Many of the drinking water wells in the region—open-topped reservoirs, sometimes lined with brick, sometimes just a hole in the earth—stand in or near the rice paddies where agrochemicals are used.

“No one really knows what the chemical is or if it is multiple chemicals,” said Jayasundara.

 
He has teamed up with Professor Lee Ferguson, an analytical chemist with Duke’s Department of Civil and Environmental Engineering, to assess samples taken from hundreds of wells in Sri Lanka.

“Really cutting-edge analytical chemistry work by the Ferguson lab is finding that drinking water in these regions carries a heavy chemical burden, contaminated with a multitude of kidney-toxic compounds,” said Jayasundara. “Our ongoing work is teasing apart the culprit based on toxicity assays in the lab as well as looking into why chemicals tend to stay longer than they should in the drinking water in these regions.” The natural hardness of the local water likely plays a role in the formation of longer-lasting compounds.

“The other hypothesis is that it’s nothing to do with agrochemicals,” he said. “It’s these farmers who work in really hot, humid conditions. They’re dehydrated, and that’s damaging the nephrons, and accumulated damage over time is what’s causing kidney damage. There’s no clear evidence yet on either hypothesis to say it’s one or the other.”

But the evidence is building that there’s more to this pattern than just a warm climate.

“It’s very possible that these farmers in Sri Lanka are working in the hot, dry conditions, and their kidneys are damaged,” said Jayasundara. “And then they also get a nice dose of one or a few nephrotoxic chemicals.”

With funding support from The World Bank and Duke University, Jayasundara’s team has partnered with Professor Mangla De Silva and colleagues at the University of Ruhuna, Sri Lanka, and sampled more than 200 rural wells while also comparing the differences in the mix of proteins found in samples of urine from healthy Sri Lankans and kidney disease patients. “The goal is to be able to identify biomarkers that can help us identify the disease early.”

“We’re also seeing a rise in kidney damage markers in kids between the ages of 10 to 17, which tells us that it’s not just the stress of being a farmer,” said Jayasundara, referring to the team’s findings that appeared in Nature’s Scientific Reports in May 2022. “The main source we can think of is drinking water contamination.”

The researchers have taken what they’ve learned so far from their sampling into the lab and are experimenting now with zebrafish, a widely used toxicology model, to determine if the disorders could be replicated with exposure to glyphosate and the other agrochemicals. One thing they’ve already seen is that kidney development is stunted by exposure to these chemicals, according to a paper which is currently in review.
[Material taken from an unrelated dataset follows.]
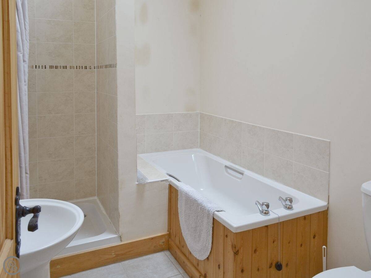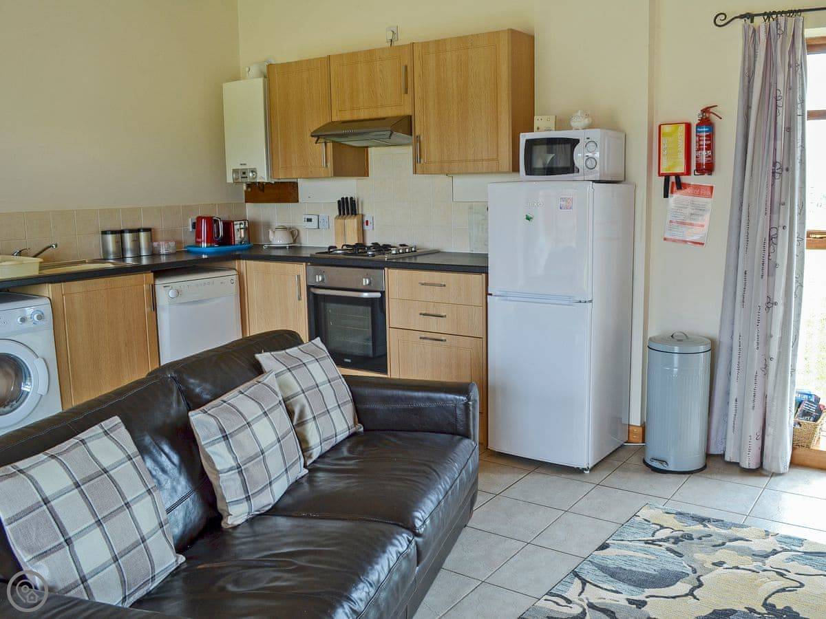 It sleeps four. Two bedrooms, one bathroom. It’s a 4 Star place, so it’s comfortable and well looked after. There's underfloor heating downstairs, which is good, and the ceilings are high with some beams showing.

But with the unusual changes in the seasons leading to different planting times and conditions, the Sri Lankan farmers have found themselves having to use even more agrochemicals.

“Environmental change can have negative health outcomes on some of the most poor and disadvantaged communities around the world,” said Jayasundara.

“We should be mindful across the world now about how these factors are playing out,” he added. “Sri Lanka is one of the hotspots. India has three regions that are currently considered hotspots for this. I’ve been contacted by folks in Ghana, Kenya and Egypt, indicating that they’re seeing this rise in kidney disease. In South America, it’s a big problem—Guatemala, El Salvador, Nicaragua. So it’s emerging on this tropical belt, and our work in Sri Lanka is giving us a framework to study this type of complex environmental health problem.”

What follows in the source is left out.